Get a kmer list given a single DNA or RNA sequence.

Base sets

Kmers can be generated using the standart four nucleotide codes A, C, T (or U), and G, and also all anbiguous codes of IUPAC convention (https://www.bioinformatics.org/sms/iupac.html).

Install

$ pip install KmerGenerator

Usage

Instance the class and store in a object.

from KmerGenerator import KmerGenerator, BaseSet
kgenerator = KmerGenerator()

Print IUPAC convention code used in KmerGenerator.

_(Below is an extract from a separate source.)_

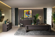 Livré avec un encadrement en Caisse américaine en aluminium noir et un système d'accrochage mural.

kgenerator.base_set_descriptions()

The output is:


A => Adenine
C => Cytosine
G => Guanine
T => Thymine
U => Uracil
R => A or G
Y => C or T
S => G or C
W => A or T
K => G or T
M => A or C
B => C or G or T
D => A or G or T
H => A or C or T
V => A or C or G
N => any

Note: To generate kmers with ambiguous IUPAC codes (R, Y, S, ...), create an instance of the class and set the base_set parameter.

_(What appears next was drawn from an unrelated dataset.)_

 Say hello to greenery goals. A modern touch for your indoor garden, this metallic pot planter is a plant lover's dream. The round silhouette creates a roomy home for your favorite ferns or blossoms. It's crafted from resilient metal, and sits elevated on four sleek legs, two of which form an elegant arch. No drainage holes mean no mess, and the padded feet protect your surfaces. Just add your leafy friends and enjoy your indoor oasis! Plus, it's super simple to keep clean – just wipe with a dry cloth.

Set objects containing example sequence, kmer length, and base_set Enum.

sequence = 'AUCAUCAUGGGAUAUAUUGGCCCCCUAARCUUAUAUCUCUGGSAAUGACUCUAUAUU'
k = 3
base_set = BaseSet.Dubious2

Then, generate kmer.

kmers = kgenerator.count_kmer(sequence, k, base_set)
print(kmers)

The output:


[{'AAU': 1}, {'AAR': 1}, {'ACU': 1}, {'AUA': 3}, {'AUC': 3}, {'AUG': 2}, {'AUU': 2}, {'ARC': 1}, {'CAU': 2}, {'CCC': 1}, {'CCU': 1}, {'CUA': 2}, {'CUC': 2}, {'CUG': 1}, {'CUU': 1}, {'GAC': 1}, {'GAU': 1}, {'GCC': 1}, {'GGA': 1}, {'GGC': 1}, {'GGG': 1}, {'GGS': 1}, {'GSA': 1}, {'UAA': 1}, {'UAU': 3}, {'UCA': 2}, {'UCU': 2}, {'UGA': 1}, {'UGG': 3}, {'UUA': 1}, {'UUG': 1}, {'RCU': 1}, {'SAA': 1}]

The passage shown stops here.